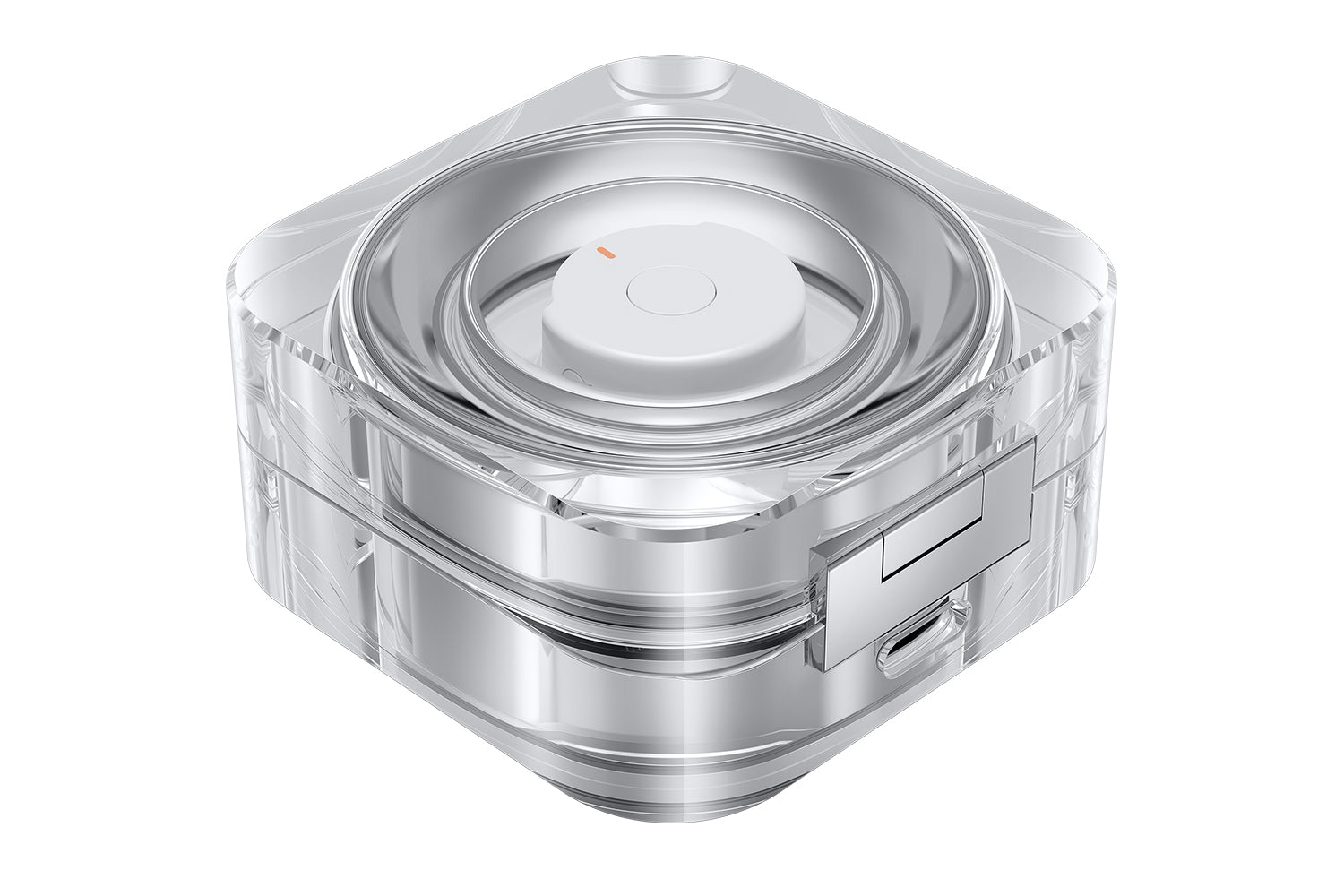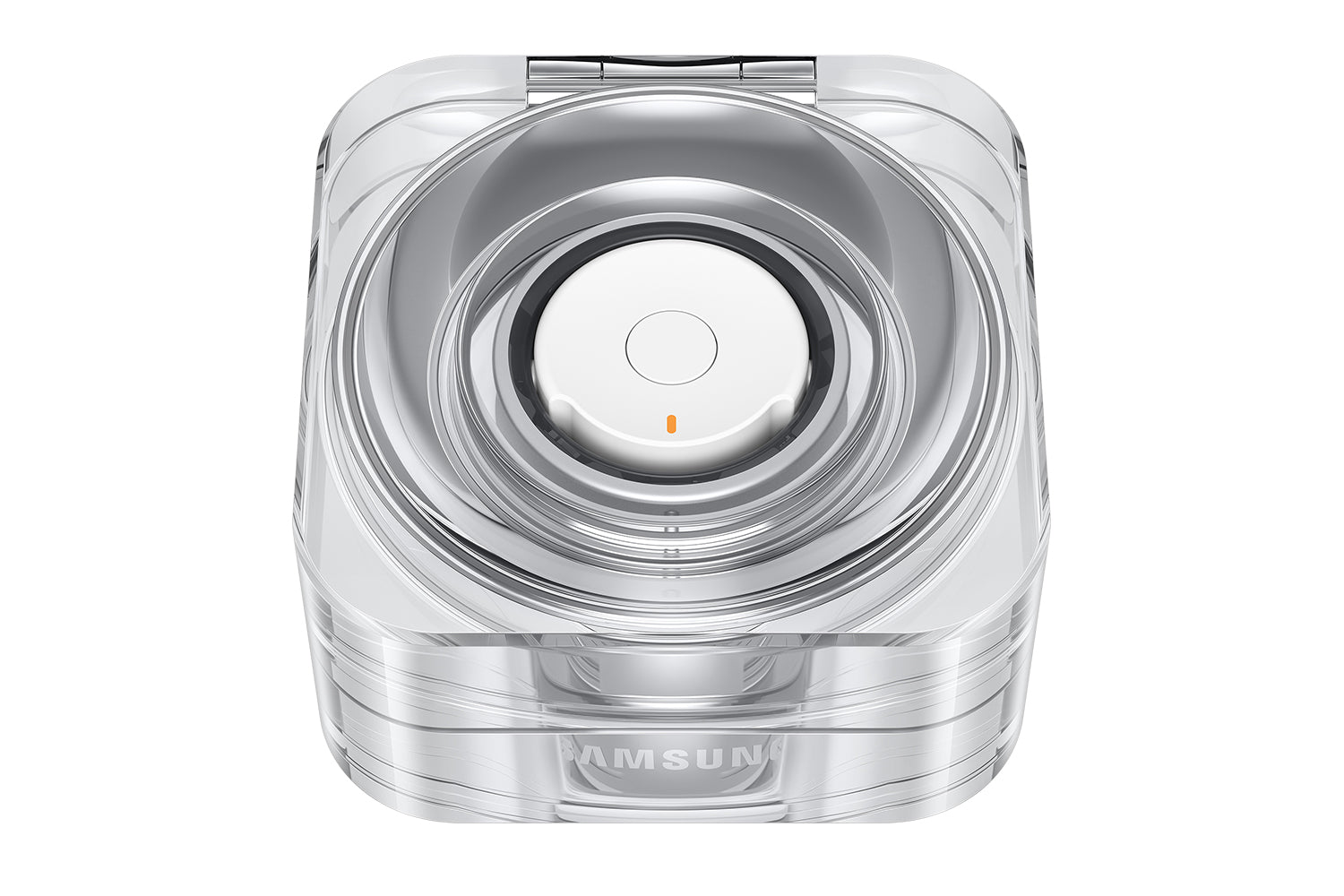 Even while charging in its crystal-clear Charging Case, the Galaxy Ring is a sight to behold. The delicate glow of the light around the Multi-purpose button indicates the battery charging level. The Charging Case can be charged wirelessly too, so simply place your Galaxy Ring securely in its case when you're on the go, and place it on a wireless charging pad for easy charging. [14][15][16]
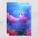 Este convite usa azul e rosa como paleta de cores principal. A profundidade no design é dada atenção fazendo com que os peixes pareçam muito distantes do ponto de vista focal principal. Efeitos de iluminação são usados especialmente na cauda da sereia, para torná-la a estrela do design
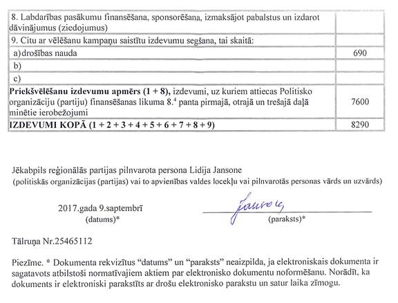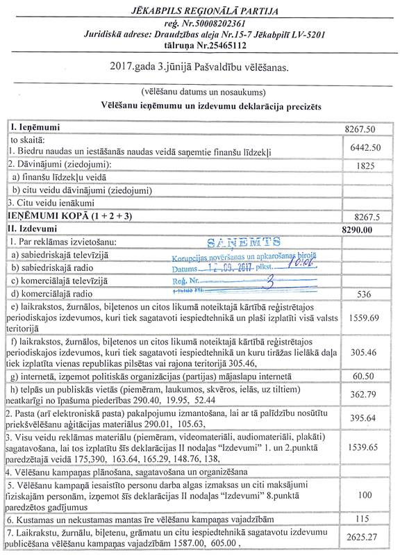 Politiskās partijas "JĒKABPILS REĢIONĀLĀ PARTIJA", reģ. Nr. 50008202361, precizēta vēlēšanu ieņēmumu un izdevumu deklarācija
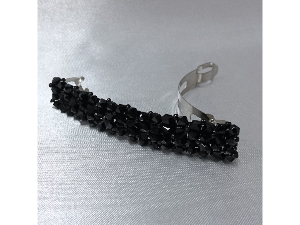Úzká francouzská spona do vlasů zdobená černými broušenými korálky.
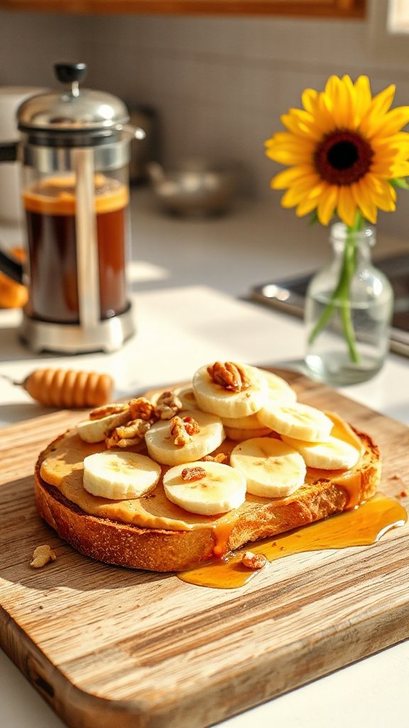 - Slice the ripe banana and arrange the slices on top of the peanut butter.
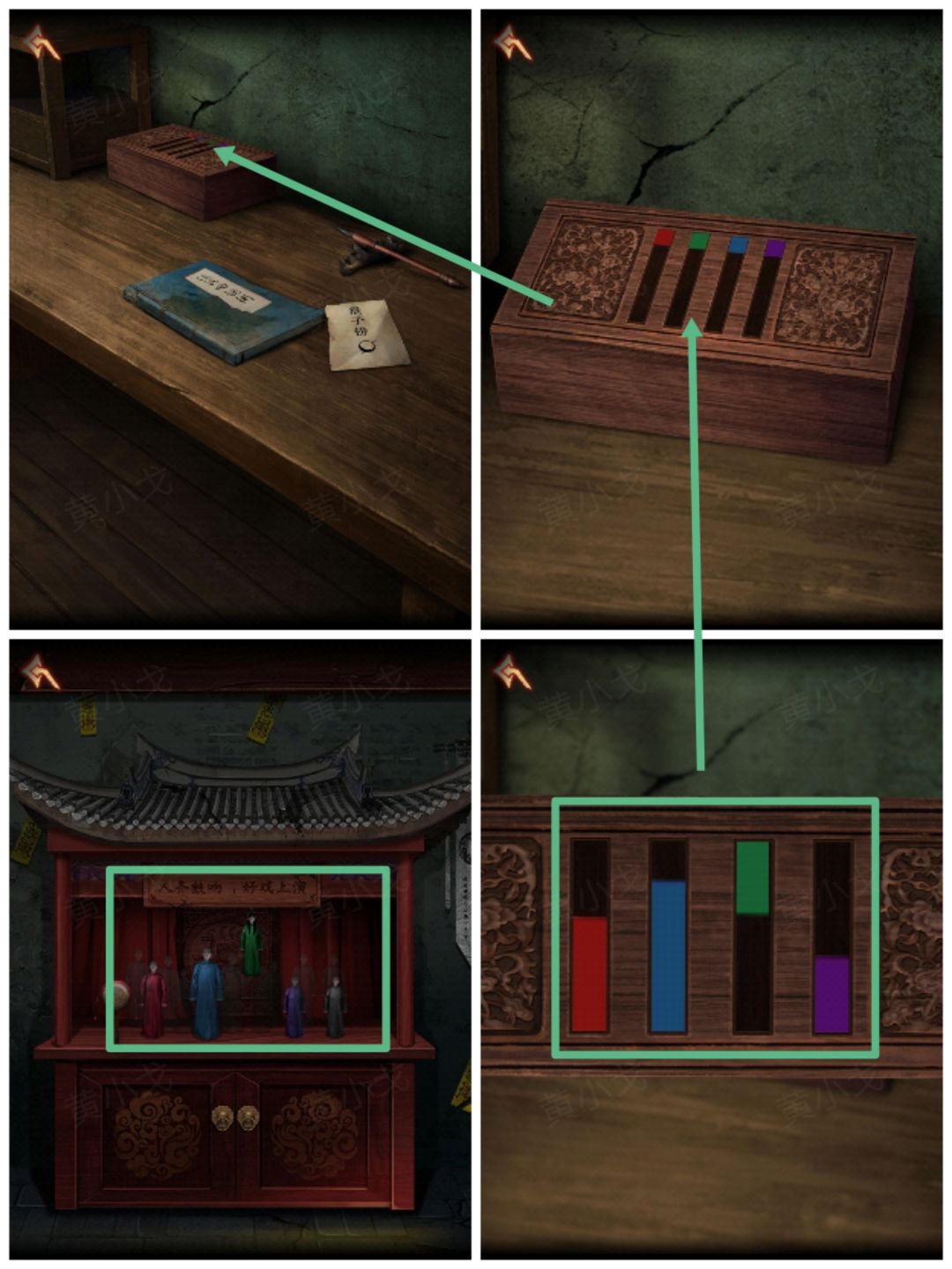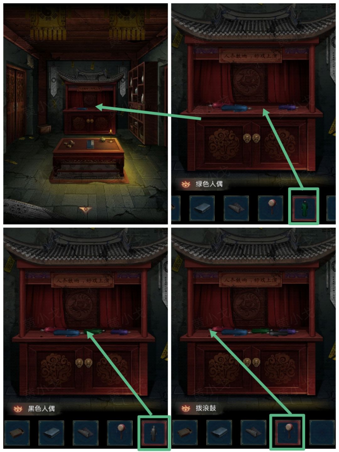 1.(戏台)点击戏台,放上【绿色人偶】、【黑色人偶】和【拨浪鼓】
----------
§ Assignment: Reproduce the material above from its first line through the line containing "un izdevumu deklarācija", both ends included, and skip every picture.

§ Your response:
 Even while charging in its crystal-clear Charging Case, the Galaxy Ring is a sight to behold. The delicate glow of the light around the Multi-purpose button indicates the battery charging level. The Charging Case can be charged wirelessly too, so simply place your Galaxy Ring securely in its case when you're on the go, and place it on a wireless charging pad for easy charging. [14][15][16]
 Este convite usa azul e rosa como paleta de cores principal. A profundidade no design é dada atenção fazendo com que os peixes pareçam muito distantes do ponto de vista focal principal. Efeitos de iluminação são usados especialmente na cauda da sereia, para torná-la a estrela do design
 Politiskās partijas "JĒKABPILS REĢIONĀLĀ PARTIJA", reģ. Nr. 50008202361, precizēta vēlēšanu ieņēmumu un izdevumu deklarācija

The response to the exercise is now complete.